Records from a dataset
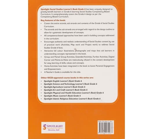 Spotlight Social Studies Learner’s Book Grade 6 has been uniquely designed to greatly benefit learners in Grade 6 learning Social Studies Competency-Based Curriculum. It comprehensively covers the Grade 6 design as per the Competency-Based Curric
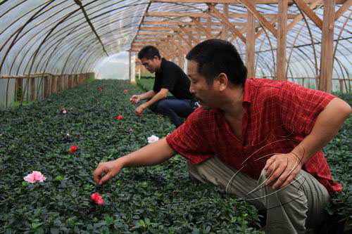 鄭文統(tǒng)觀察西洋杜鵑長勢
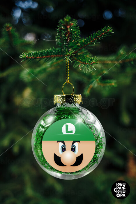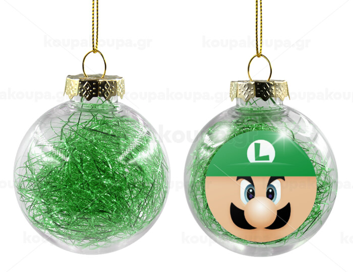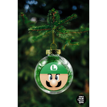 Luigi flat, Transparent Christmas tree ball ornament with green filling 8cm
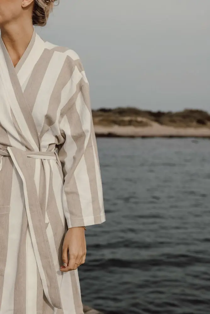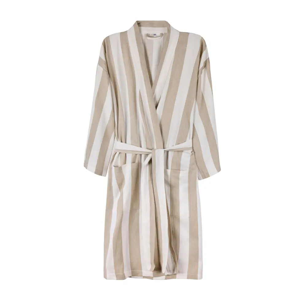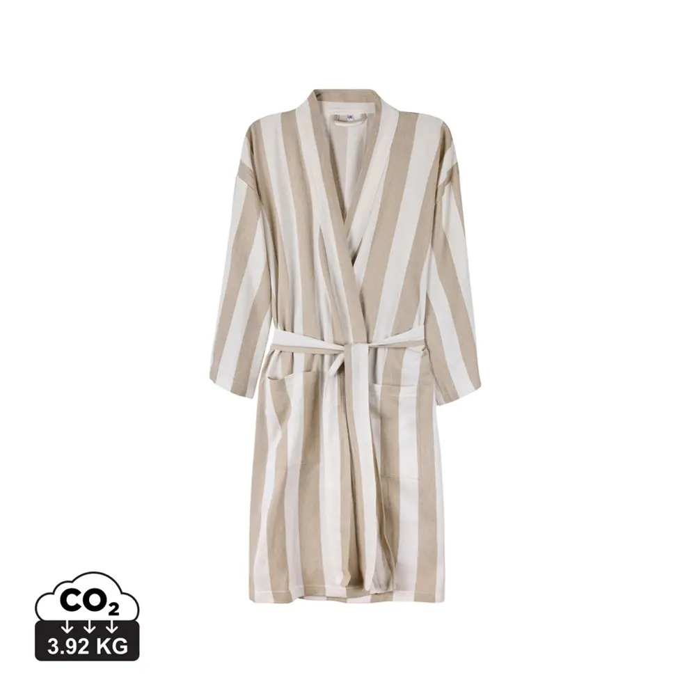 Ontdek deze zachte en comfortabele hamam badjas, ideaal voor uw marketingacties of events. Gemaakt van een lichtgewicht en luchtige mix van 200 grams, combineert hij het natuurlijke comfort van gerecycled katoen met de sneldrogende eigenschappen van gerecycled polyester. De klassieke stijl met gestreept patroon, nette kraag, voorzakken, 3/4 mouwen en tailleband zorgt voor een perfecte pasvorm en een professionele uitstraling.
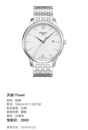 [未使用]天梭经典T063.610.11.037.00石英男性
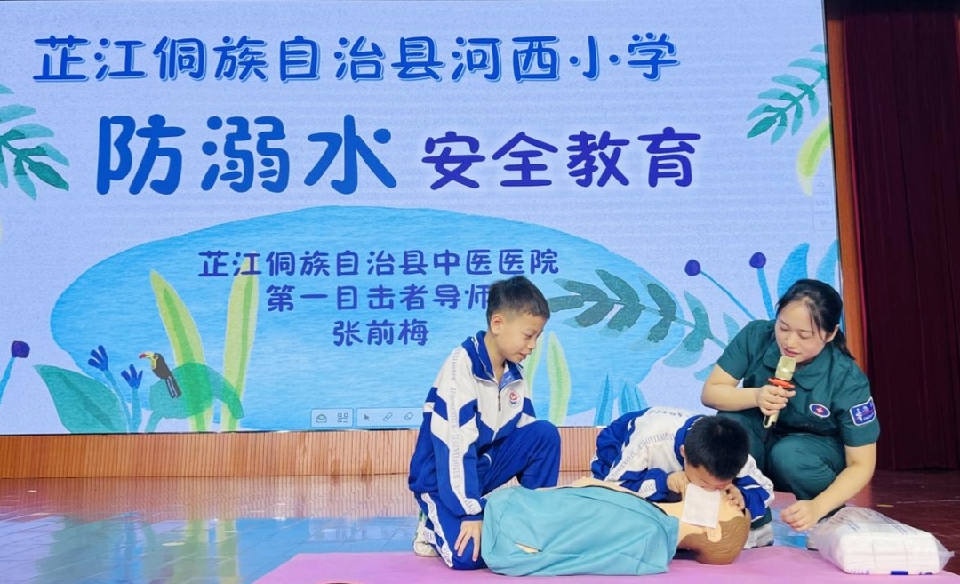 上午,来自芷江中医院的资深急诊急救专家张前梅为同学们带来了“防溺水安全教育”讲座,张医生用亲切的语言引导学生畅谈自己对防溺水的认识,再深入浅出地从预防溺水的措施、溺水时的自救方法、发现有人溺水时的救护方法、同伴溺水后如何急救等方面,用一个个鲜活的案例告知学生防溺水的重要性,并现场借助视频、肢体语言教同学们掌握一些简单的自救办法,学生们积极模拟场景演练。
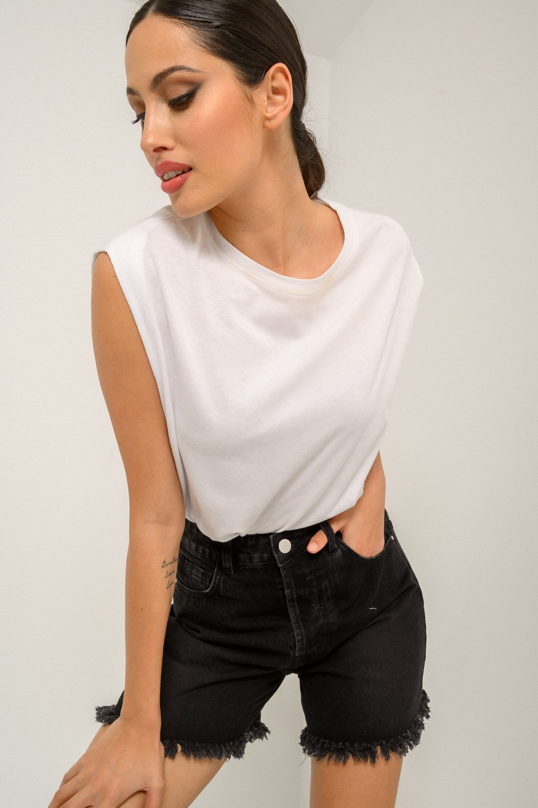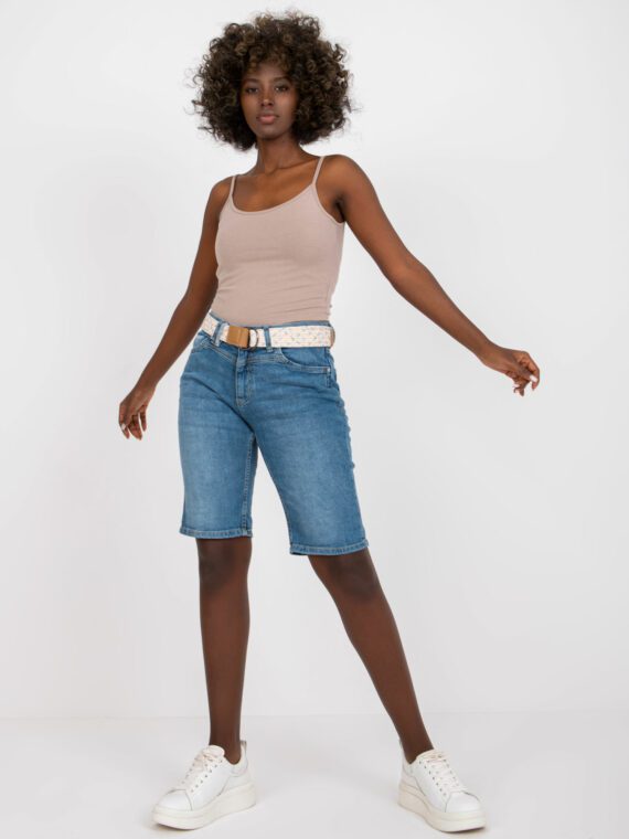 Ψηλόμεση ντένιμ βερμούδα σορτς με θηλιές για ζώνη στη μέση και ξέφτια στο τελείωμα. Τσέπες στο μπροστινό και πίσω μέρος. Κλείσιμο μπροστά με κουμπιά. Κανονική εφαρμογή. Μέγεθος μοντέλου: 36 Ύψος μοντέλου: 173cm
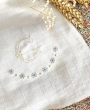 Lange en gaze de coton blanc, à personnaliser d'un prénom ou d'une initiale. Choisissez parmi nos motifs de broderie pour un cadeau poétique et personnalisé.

# [Task item]
Restate the records above verbatim. Pictures stay out.

# [Task output]
 Spotlight Social Studies Learner’s Book Grade 6 has been uniquely designed to greatly benefit learners in Grade 6 learning Social Studies Competency-Based Curriculum. It comprehensively covers the Grade 6 design as per the Competency-Based Curric
 鄭文統(tǒng)觀察西洋杜鵑長勢
 Luigi flat, Transparent Christmas tree ball ornament with green filling 8cm
 Ontdek deze zachte en comfortabele hamam badjas, ideaal voor uw marketingacties of events. Gemaakt van een lichtgewicht en luchtige mix van 200 grams, combineert hij het natuurlijke comfort van gerecycled katoen met de sneldrogende eigenschappen van gerecycled polyester. De klassieke stijl met gestreept patroon, nette kraag, voorzakken, 3/4 mouwen en tailleband zorgt voor een perfecte pasvorm en een professionele uitstraling.
 [未使用]天梭经典T063.610.11.037.00石英男性
 上午,来自芷江中医院的资深急诊急救专家张前梅为同学们带来了“防溺水安全教育”讲座,张医生用亲切的语言引导学生畅谈自己对防溺水的认识,再深入浅出地从预防溺水的措施、溺水时的自救方法、发现有人溺水时的救护方法、同伴溺水后如何急救等方面,用一个个鲜活的案例告知学生防溺水的重要性,并现场借助视频、肢体语言教同学们掌握一些简单的自救办法,学生们积极模拟场景演练。
 Ψηλόμεση ντένιμ βερμούδα σορτς με θηλιές για ζώνη στη μέση και ξέφτια στο τελείωμα. Τσέπες στο μπροστινό και πίσω μέρος. Κλείσιμο μπροστά με κουμπιά. Κανονική εφαρμογή. Μέγεθος μοντέλου: 36 Ύψος μοντέλου: 173cm
 Lange en gaze de coton blanc, à personnaliser d'un prénom ou d'une initiale. Choisissez parmi nos motifs de broderie pour un cadeau poétique et personnalisé.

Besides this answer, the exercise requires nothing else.